Я сижу на семинаре. Ладони потные, уши обвисли, очки заляпаны.
— Отметим суффиксы единичного и собирательного значения…
К чертовой матери.
Тик-кап… тик-кап… — капает время. Сплю.
Во сне доцент говорит не про суффиксы, он диктует слова:
— Нюня… Рохля… Шляпа… Записали?
При каждом слове я вздрагиваю. Потом на мое плечо ложится рука.
— Выспались? — ехидничает доцент. — А теперь идите к доске и разберите эти слова по семантике.
Все хватаются за животики. Прыгают хохочущие лица. Свирепо и медленно иду я к доске. Этот материал я знаю.
3
— Вельский, зайди в деканат, — сказала мне на большой перемене секретарша Ира.
Ясное дело — непосещаемость. Других дел у меня с деканатом нет. Я вхожу. Капитолина Борисовна пишет, тяжело дыша. Она замдекана. Занося перо над бумагой, она близоруко хмурится и снимает ворсинку.
— Вельский, у вас пропуски, — говорит она, продолжая писать.
Ни «здравствуйте», ни «садитесь», сразу — «пропуски». Я говорю:
— Я знаю.
— Ну и что?
— У меня есть справка.
— Кому вы ее отдали?
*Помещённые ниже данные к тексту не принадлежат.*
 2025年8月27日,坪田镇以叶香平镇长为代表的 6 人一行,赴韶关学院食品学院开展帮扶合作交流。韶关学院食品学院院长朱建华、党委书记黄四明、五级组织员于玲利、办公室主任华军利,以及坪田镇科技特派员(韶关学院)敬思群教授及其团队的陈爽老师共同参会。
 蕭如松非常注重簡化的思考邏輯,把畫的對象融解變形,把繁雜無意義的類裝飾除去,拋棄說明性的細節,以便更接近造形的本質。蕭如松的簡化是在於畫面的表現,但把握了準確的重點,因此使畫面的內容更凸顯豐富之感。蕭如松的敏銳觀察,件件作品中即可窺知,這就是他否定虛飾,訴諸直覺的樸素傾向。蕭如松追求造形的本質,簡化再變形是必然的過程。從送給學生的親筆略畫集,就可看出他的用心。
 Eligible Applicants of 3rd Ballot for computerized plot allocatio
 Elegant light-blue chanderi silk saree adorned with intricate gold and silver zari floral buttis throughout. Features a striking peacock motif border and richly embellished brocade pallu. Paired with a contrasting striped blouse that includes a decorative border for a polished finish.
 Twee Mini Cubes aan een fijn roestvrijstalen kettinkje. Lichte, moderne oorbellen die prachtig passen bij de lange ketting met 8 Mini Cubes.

Старосте?
Я молчу.
— Секретарю?
Я молчу и роюсь в карманах. Есть такие стихи: «Чего только не копится в карманах пиджака за целые века…» Капитолина Борисовна не знает этих стихов, она выжидательно смотрит.
И выверну карманы я,
И выброшу в костер
Всё бренное, обманное, —
Обрывки, клочья, сор.
Вот непосланная ехидная записка лектору. Вот свидетельство моего проигрыша в «морской бой». Вот спокойное, мужское письмо Римме — в нем я признаю свои ошибки и невозможность продолжать отношения. Шпаргалка на латинское спряжение, пустые пачки «Дуката». Наверное, для Капитолины Борисовны все это символично: она уверена, что в голове у меня такой же мусор.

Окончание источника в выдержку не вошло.